Question

If a simple pendulum has significant amplitude (up to a factor of 1/e of original) only in the period between $t = 0s$ to $t = \tau s$, then $\tau$ may be called the average life of the pendulum.

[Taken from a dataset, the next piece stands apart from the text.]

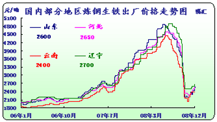 08年國(guó)內(nèi)煉鋼生鐵價(jià)格走勢(shì)與廢鋼基本同步,同樣經(jīng)歷大起大落,上半年受節(jié)能減排、奧運(yùn)因素、鋼廠需求拉動(dòng),市場(chǎng)資源持續(xù)緊張,鐵廠多數(shù)零庫(kù)存運(yùn)行,價(jià)格一路上漲,上半年個(gè)別地區(qū)煉鋼生鐵市場(chǎng)價(jià)格突破5000元/噸。用久漲必跌來(lái)描述接下來(lái)的市場(chǎng)運(yùn)行態(tài)勢(shì),顯得十分貼切,因上半年我國(guó)鋼鐵產(chǎn)業(yè)告訴發(fā)展,完全忘記了用戶(hù)的消費(fèi)承受能力,以至于在經(jīng)濟(jì)危機(jī)的刺激下,鋼鐵產(chǎn)業(yè)開(kāi)始滑坡,絕大部分鋼鐵產(chǎn)品都經(jīng)歷了有史以來(lái)罕見(jiàn)的大幅度下滑,生鐵也是如此,市場(chǎng)充滿(mǎn)觀望的氣氛。不過(guò)隨著持續(xù)停爐帶來(lái)的資源緊張,鋼材復(fù)蘇,廢鋼漲價(jià)等因素影響,國(guó)內(nèi)生鐵市場(chǎng)開(kāi)始回溫上漲,但煉鋼生鐵品如其名,完全用于煉鋼中,在大環(huán)境沒(méi)有復(fù)蘇、鋼材價(jià)格沒(méi)有明顯上漲的前提下,煉鋼生鐵市場(chǎng)價(jià)格只能區(qū)域內(nèi)小幅波動(dòng),

When the spherical bob of the pendulum suffers a retardation (due to viscous drag) proportional to its velocity, with 'b' as the constant of proportionality, the averatge life time of the pendulum is (assuming damping is small)

• A. $\frac{0.693}{b}$
• B. $b$
• C. $\frac{1}{b}$
• D. $\frac{2}{b}$

Answer 1

Answer: (D)

$\frac{2}{b}$

Answer 2

$m \frac{d^{2}x}{dt^{2}}=-kx-b \frac{dx}{dt}$ $m \frac{d^{2}x}{dt^{2}}+b \frac{dx}{dt}+kx=0$ here $b$ is demping coefficient This has solution of type $x=e^{\lambda t}$ substituting this $m\lambda^{2}+b\lambda+k=0$ $\lambda=\frac{-b\pm\sqrt{b^{2}-4mk}}{2m}$ on solving for $x$, we get $x=e^{\frac{b}{2m}t} \,a cos \left(\omega_{1}\, t - \alpha\right)$ $\omega_{1}=\sqrt{\omega_{0}^{2}-\lambda^{2}}$ where $\omega_{0}=\sqrt{\frac{k}{m}}$ $\lambda=+\frac{b}{2}$ So, average life $=\frac{2}{b}$